• [SUPPLIED DATA]:
----------------------------------------

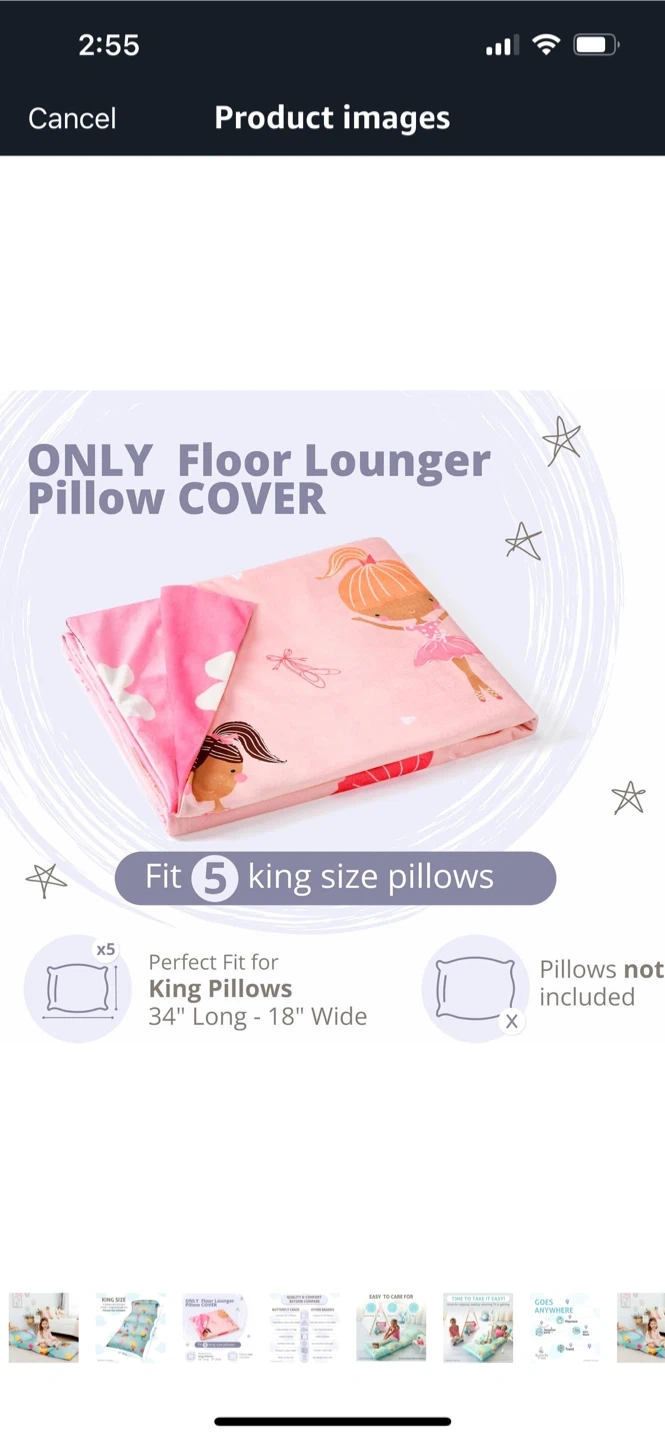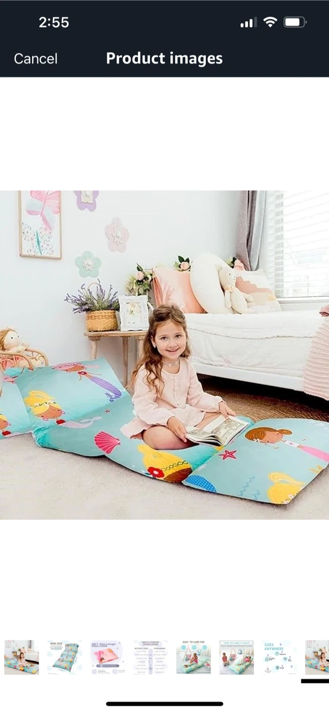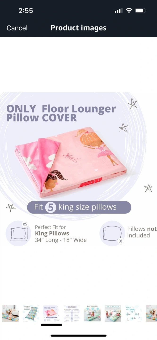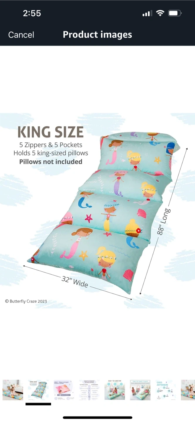 This new Butterfly Craze mermaid pillow lounger is king size! It has 5 zippers and 5 pockets and holds 5 king-sized pillows. The lounger is 88" long and 32" wide. Perfect for sleepover parties, playrooms, or even travel!
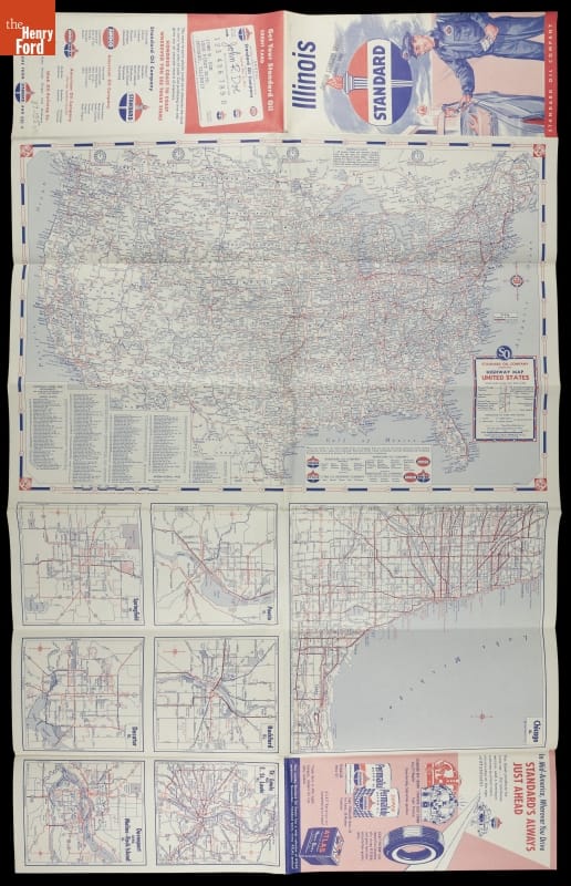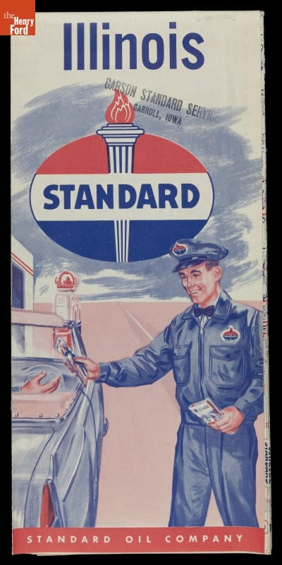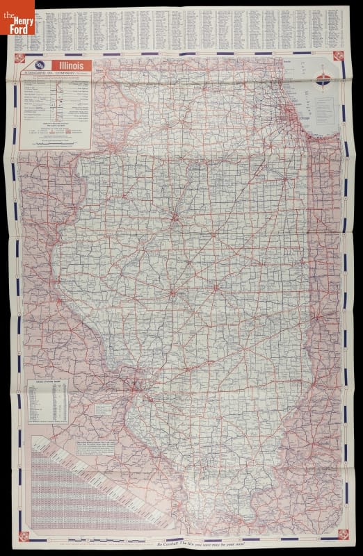 Along with the regular automobile service provided by gasoline stations, travelers during the early and mid-20th century could usually find a free road map. Standard Oil supplied this map of Illinois to motorists at their stations.
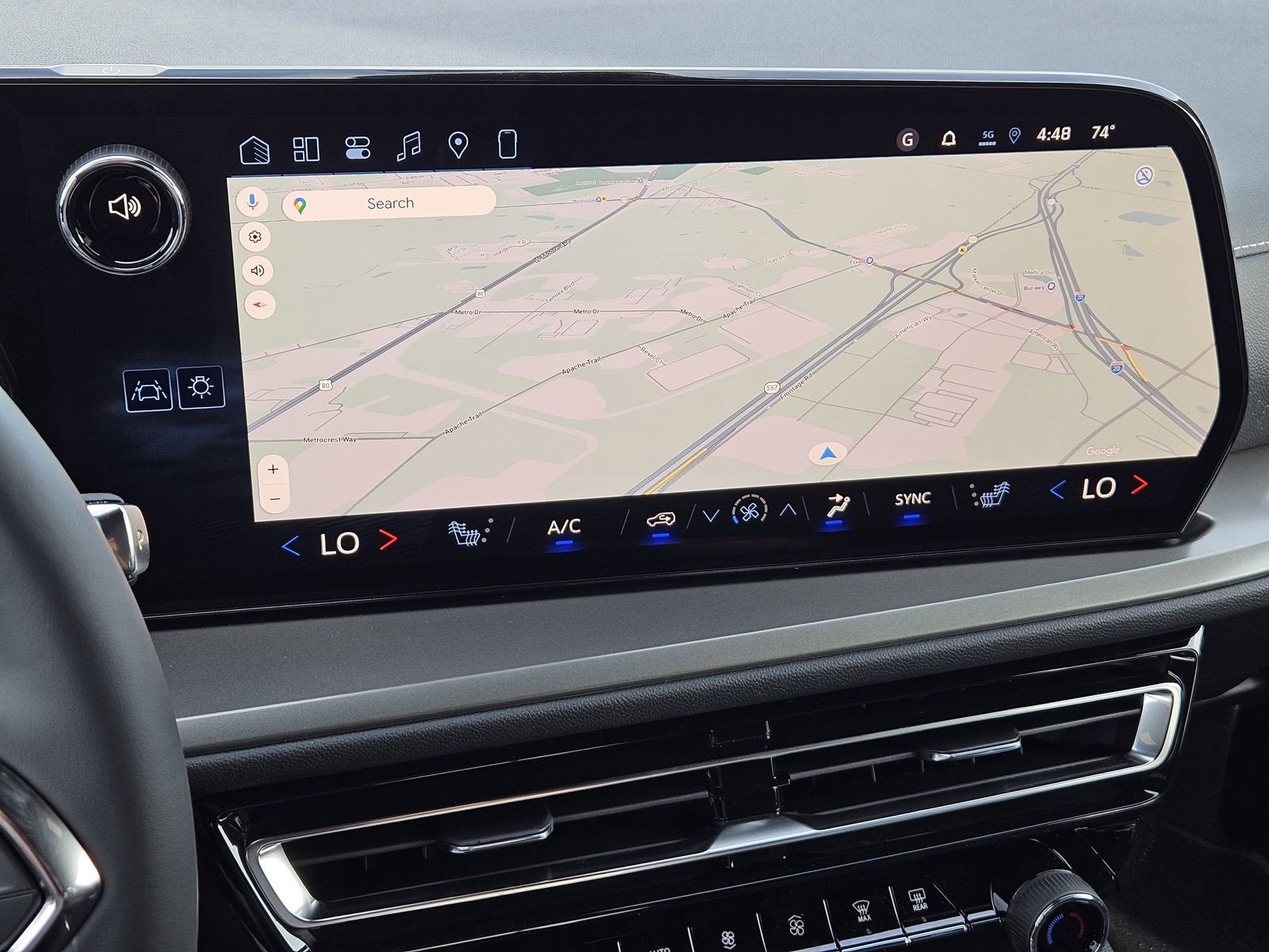 - Auxiliary controls in the rear of the cabin include air delivery mode and temperature up/down settings
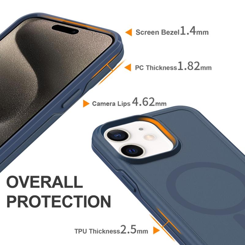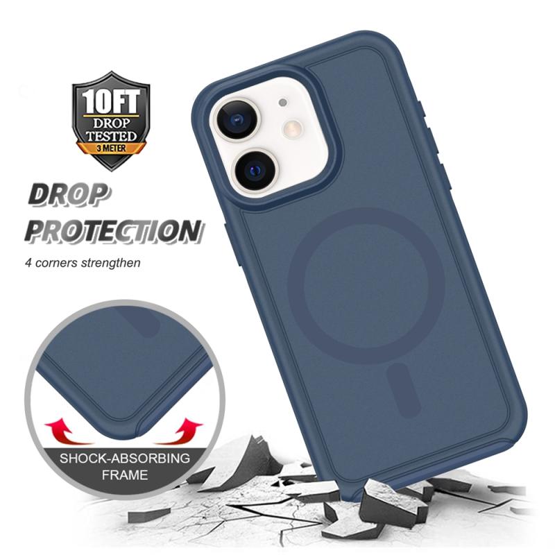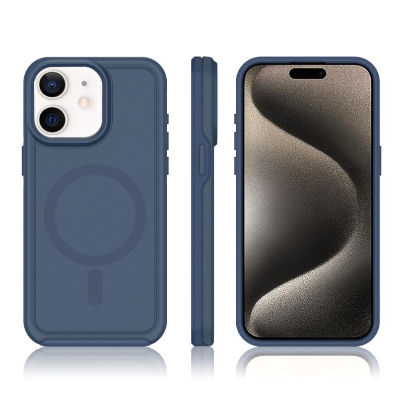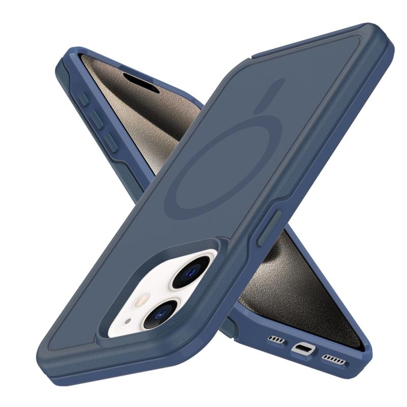 For iPhone 12 Shockproof MagSafe Armor PC Hybrid TPU Phone Case(Ink Blue)

----------------------------------------

• [WHAT IS NEEDED]: All of the listing above must be output exactly, except for its pictures.

• [EXERCISE SOLUTION]:
 This new Butterfly Craze mermaid pillow lounger is king size! It has 5 zippers and 5 pockets and holds 5 king-sized pillows. The lounger is 88" long and 32" wide. Perfect for sleepover parties, playrooms, or even travel!
 Along with the regular automobile service provided by gasoline stations, travelers during the early and mid-20th century could usually find a free road map. Standard Oil supplied this map of Illinois to motorists at their stations.
 - Auxiliary controls in the rear of the cabin include air delivery mode and temperature up/down settings
 For iPhone 12 Shockproof MagSafe Armor PC Hybrid TPU Phone Case(Ink Blue)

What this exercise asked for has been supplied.